Tag Archives: Azure

Serverless Machine Translation

It is well known that you can produce relatively good quality machine translations by doing the following:

  • Carry out some processing on the source language.
    Such as remove text which serves no purpose in the translations (say, imperial measurements in content destined for Europe); re-order some lengthy sentences; mark the boundaries of embedded tags, etc.
  • Use custom domain trained machine translation engines.
    This is possible with several machine translation providers. If you have an amount of good quality bilingual and monolingual corpora relevant to your subject matter then you can train and build engines which will produce higher quality output than a general public domain engine.
  • Post process the raw machine translation output to correct recurrent errors.
    To improve overall fluency; replace specific terminology, etc.

We decided to implement this in a fully automated Azure Functions pipeline.

NOTE: Some MT providers have this capability built into their services but we wanted the centralized flexibility to control the pre- and post-editing rules and to be able to mix and match which MT providers we get the translations from.

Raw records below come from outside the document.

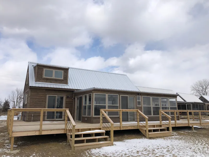 Lake Front Cabin For Sale at Giant Goose Ranch in Fulton County, Illinois. This is a furnished private cabin on Swimming Lake at the Giant Goose Ranch in Canton, IL. The Giant Goose Ranch is a gated 840 acre family outdoor recreation property with 52 lakes and ponds, miles of trails to explore, a 500' swimming beach, several pavilions, and a convenience store. Nature abounds with Ducks, Geese, Pheasants, Quail, Rabbits, Deer, Minks, Songbirds, Chickens, Horses, and of course lots of fish right at your fingertips on this amazing property.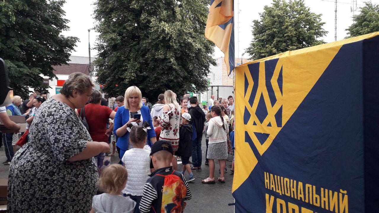 Партія «Національний корпус» провела 8 червня у Мерефі свято для місцевих дітей — її представники показали вправи з самооборони, бійці спецпідрозділу МВС «Схід» провели урок патріотичного виховання. Діти отримували безкоштовні солодку вату і морозиво, а також могли постріляти в тирі і взяти участь у конкурсі малюнків.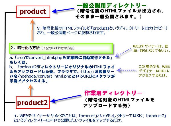 さらに、サーバサイドSHTMLでは、動的なHTMLソースのみならず、静的なHTMLファイルのリアルタイム更新(もしくは、短時間内の更新反映)という御用途にもご利用いただけます。具体的な方法は下記の通りです。 静的なHTMLファイルのリアルタイム更新用のPHPプログラムのファイル名をここでは、convert_html.phpとします。このconvert_html.phpでは、特定のディレクトリー(フォルダー)内(「ディレクトリーA=『product2』」と呼びます。作業用ディレクトリー)にアップされているHTMLファイルを、サーバサイドSHTMLのライブラリを使って、特定のフォルダー(一般公開用のディレクトリー。「ディレクトリーB=『product』」と呼びます。)に一括で出力するプログラムにしておきます。(「サーバサイドSHTML」Advancedコースに付属の「特定フォルダー内のHTMLファイルの一括更新プログラムのサンプル」を参考にしていただくといいと思います。)後は、編集・更新したオリジナルのHTMLファイルをディレクトリーA(上記挿絵でいうところの「product2」という名称のディレクトリー)にまとめてアップし、convert_html.phpを何らかの手段で実行すれば、一般公開用のHTMLファイルが更新されます。convert_html.phpを実行させる方法(上記挿絵の「2.難読化の方法」に該当。)は、手動が面倒であればcronでもできるでしょうが、頻繁に更新されない場合には、cronの実行頻度に気をつけられないと、サーバに思わぬ負荷をかける場合がありますのでご注意ください。 なお、CGI版PHPでないPHPをご利用の場合、ブラウザ経由でURLを入力してconvert_html.phpを実行する場合(= http://お客様サーバ名/〜/convert_html.phpへのアクセス。上記挿絵でいうところの「『2.難読化の方法』の『b』」)、ディレクトリーB(上記挿絵で言うところの「product」という名称のディレクトリー)やその中のHTMLファイルのパーミッションに注意しなければなりません。websuerに対して書き込み権限を与えなければ動作しませんが、セキュリティ上、好ましくない場合もありますから、一括更新する時のみ、一時的にパーミッションを変更し、すぐに元に戻すなどした方が良いでしょう。 この方式のメリットは、WEBデザイナーの方でプログラムの知識がまったくない方でも、普段どおりにFTPソフトでHTMLファイルを特定のディレクトリーにアップするだけで、cronを使えば完全自動で(convert_html.phpへ手動でアクセスする場合でも、きわめて簡単な方法で)、難読化が可能だということです。convert_html.phpのプログラムをプログラマーが一つ準備するだけで、ホームページのデザイナーが負担する作業は、アップするディレクトリーが今まで(=公開用ディレクトリー)と違う(ex. 今まで、「product」というディレクトリーにアップしていたものを「product_for_shtml」とか「prodcut2」にアップする)だけで、その他の特別な作業が一切不要になることです。 なお、この方法を使用する場合、作業用のディレクトリー(=オリジナルのHTMLファイルをアップロードするディレクトリー。上の例で言えば、「prodct_for_shtml」や「product2」のディレクトリー)にあるファイルに、一般の方がブラウザ経由でアクセスできると問題がありますので、.htaccessで、ブラウザ経由ではアクセスできないようにしていただくか、そもそもproduct2というディレクトリーをDocumentRootの下に置くのではなく、ブラウザ経由ではアクセスできないDocumentRootより上に置くようにしてください。ご不明の点は、サポートにお問い合わせください。 |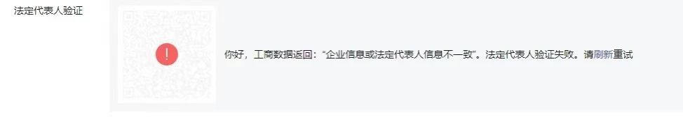 你好,核查发现填写的主体名称与营业执照上的主体名称不一致,故法人验证失败。请严格按照营业执照的主体名称填写。

The pipeline consists of three functions: preedit, translate and postedit. The json payload used for inter-function communication is Jliff. Jliff is an open object graph serialization format specification being designed by an OASIS Technical Committee.

NOTE: Jliff is still in design phase but I’m impatient and it seemed like a good way to test the current snapshot of the format.

The whole thing is easily re-configured and re-deployed, and has all the advantages of an Azure consumption plan.

We can see that this pipeline would be a good candidate for durable functions so once we have time we’ll take a look at those.

Fast and Loose

About a year ago we started to think about the cloud and how it could help us. Should we put our relational databases in the cloud and stop having to worry about their size? Should we try to put our network and compute heavy processes in the cloud freeing up internal compute and network bandwidth? Could it just make us more agile and less capital expenditure sensitive in responding to compute and storage requirements?

We prevaricated on these questions for a while because in hindsight we didn’t understand the mindset change. To me it was like moving from procedural, interpreted languages to compiled, object oriented.

We finally “got it” when we had the challenge of trying to efficiently¬†produce results for an unpredictable number of concurrent new compute heavy tasks.

After optimizing algorithms, our initial perception was that all we needed to do was throw more processors at it. How wrong we were. Next up, after making computation parallel was data storage and memory requirements – the bottleneck had shifted from compute to storage and retrieval (I/O). Seriously, I/O can slow things down considerably. After finding a solution to that it was how do we scale out and not up – more processors rather than bigger processors.

Eventually we came to understand that a true cloud architecture makes use of many patterns or paradigms: fault tolerant service bus (message queue), several compute instances, noSql data storage, web service endpoints and thinking of every operation as asynchronous.

What you end up with is a loosely coupled but highly fault tolerant, highly scalable, flexible, separated concerns configuration.

We are close to deploying this new platform and I’m very excited about it. We have no single points of failure, unlimited extensibility points – a very robust and scalable infrastructure.

We’ve prototyped bits of this on both AWS and Azure and are confident that deployment on either is workable.

No doubt we’ll hit limitations or problems at some point but right now the return on investment looks unbeatable.